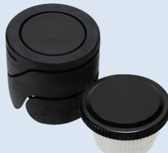
KK AZK-PT 黒 + 黒無地 BIO
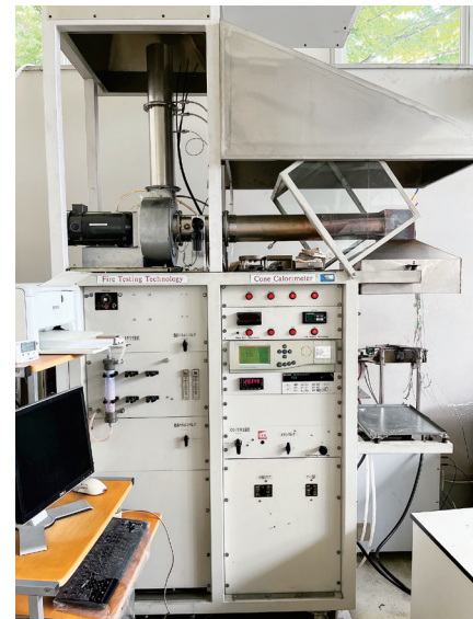
コーンカロリメータ試験装置
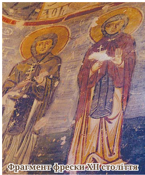
Фрагмент фрески XII століття

Після Кремля прямуємо до церкви Спаса на Нередиці. Їх, церков, стільки, що очі розбігаються. В Україні, якщо збереглася десь церква хоча б XIX століття, то їй уже приділяють велику увагу - бо раритет. У Новгороді (та й по всій Росії) храмів дуже багато, правда, не всі вони відновлені та доглянуті. Мальовничих руїн вистачає. Церква Спаса на Нередиці унікальна своїми внутрішніми розписами. Німецький снаряд улучив прямо в споруду, але більш ніж 15% робіт стародавніх живописців вдалося врятувати. Колись яскраві фарби стали тьмяні, фрескам не вистачає глибини простору, але вони чудові. Поряд з обрами святих можна побачити портрети новгородських князів, а середньовічні бешкетники залишили на стінах свої «автографи».
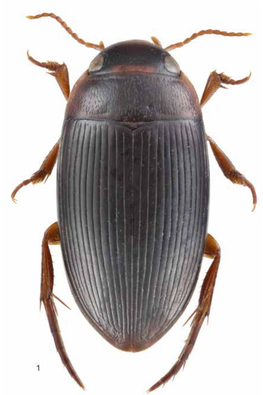
Fig. 1: Copelatus davidi , holotype.
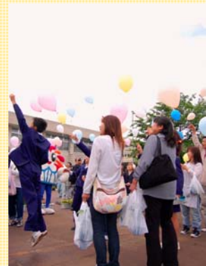
◀花の種とメッセージを付けた風船を空に放ちました。
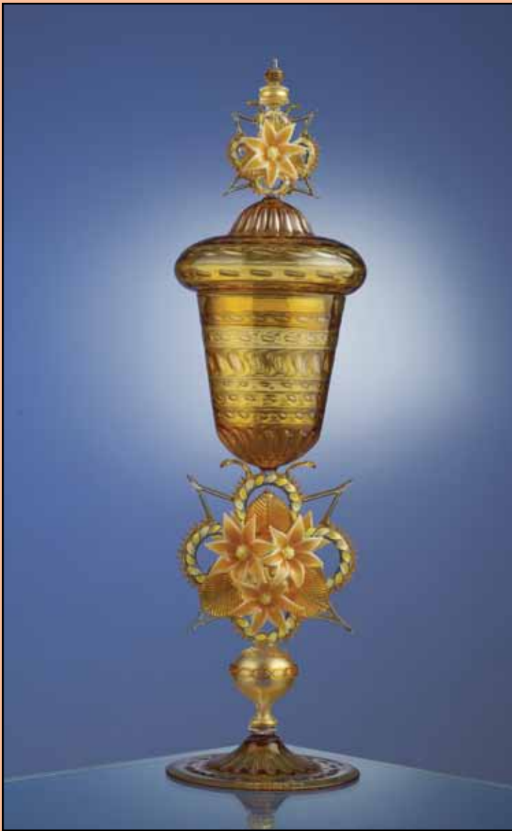
RELIQUIARIO 39 cm. H.
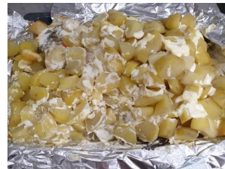
20. Вскрываем фольгу сверху и запекаем при 180°C
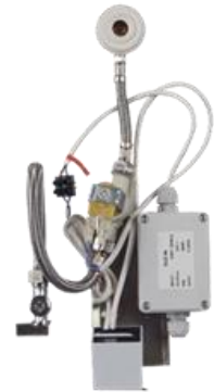
LARGE-Fluxómetro de mictório Ref.ª S10083062850700
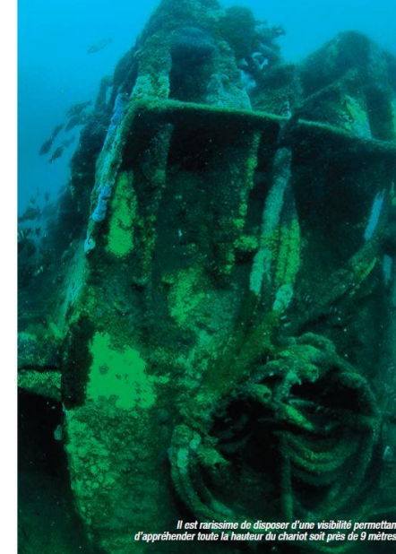
Il est rarissime de disposer d'une visibilité permettant d'appréhender toute la hauteur du chariot soit près de 9 mètres.
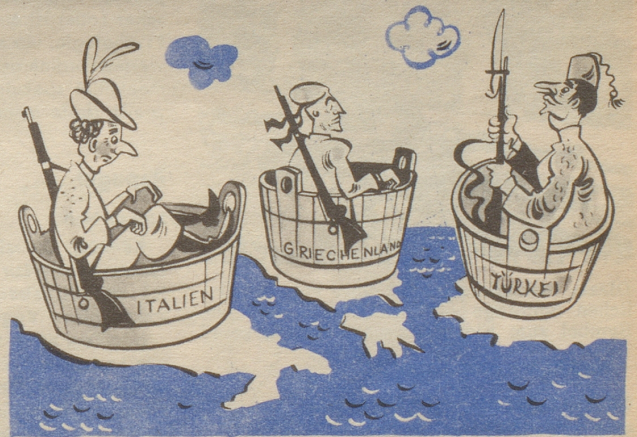
Italien, Griechenland und die Türkei, Mitglieder des Atlantikpaktes E chli öppis vom Atlantik wei mir de glich no um üs ume!

Es glesigs Hüslü würdi de die Kontrolle sehr erlichtere!
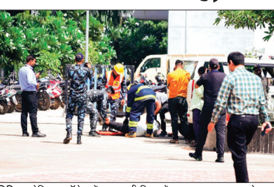
विद्विशा। मेडिकल कॉलेज में आपदा की स्थिति में बचाव का अभ्यास करते हुए।
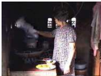
Photo 60. Il faut connecté le réservoir de gaz à l'entrée de gaz du poêle
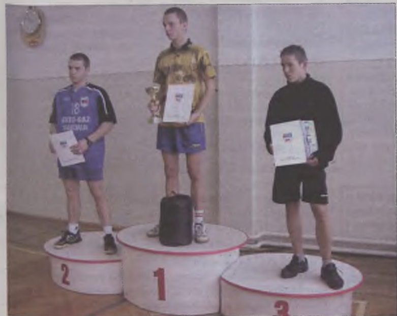
Zwycięzcy kategorii szkół ponadgimnazjalnych.
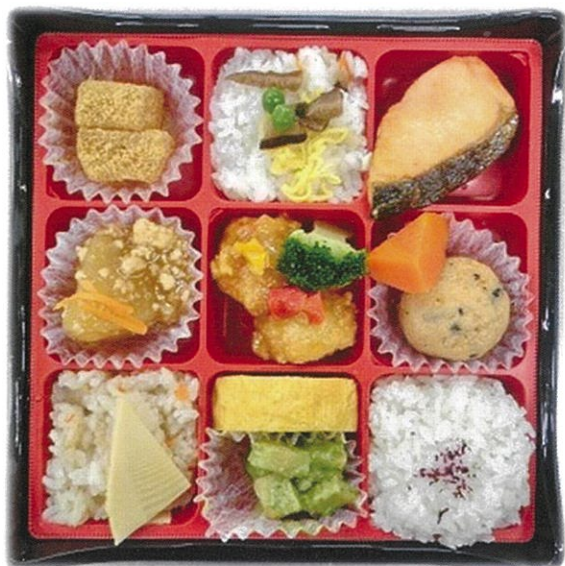
内寸 19.3×19.3×2.1 cm

* _TASK ITEM_
Return all records verbatim and drop the pictures.

* _ANSWER_
KK AZK-PT 黒 + 黒無地 BIO
コーンカロリメータ試験装置
Фрагмент фрески XII століття

Після Кремля прямуємо до церкви Спаса на Нередиці. Їх, церков, стільки, що очі розбігаються. В Україні, якщо збереглася десь церква хоча б XIX століття, то їй уже приділяють велику увагу - бо раритет. У Новгороді (та й по всій Росії) храмів дуже багато, правда, не всі вони відновлені та доглянуті. Мальовничих руїн вистачає. Церква Спаса на Нередиці унікальна своїми внутрішніми розписами. Німецький снаряд улучив прямо в споруду, але більш ніж 15% робіт стародавніх живописців вдалося врятувати. Колись яскраві фарби стали тьмяні, фрескам не вистачає глибини простору, але вони чудові. Поряд з обрами святих можна побачити портрети новгородських князів, а середньовічні бешкетники залишили на стінах свої «автографи».
Fig. 1: Copelatus davidi , holotype.
◀花の種とメッセージを付けた風船を空に放ちました。
RELIQUIARIO 39 cm. H.
20. Вскрываем фольгу сверху и запекаем при 180°C
LARGE-Fluxómetro de mictório Ref.ª S10083062850700
Il est rarissime de disposer d'une visibilité permettant d'appréhender toute la hauteur du chariot soit près de 9 mètres.
Italien, Griechenland und die Türkei, Mitglieder des Atlantikpaktes E chli öppis vom Atlantik wei mir de glich no um üs ume!

Es glesigs Hüslü würdi de die Kontrolle sehr erlichtere!
विद्विशा। मेडिकल कॉलेज में आपदा की स्थिति में बचाव का अभ्यास करते हुए।
Photo 60. Il faut connecté le réservoir de gaz à l'entrée de gaz du poêle
Zwycięzcy kategorii szkół ponadgimnazjalnych.
内寸 19.3×19.3×2.1 cm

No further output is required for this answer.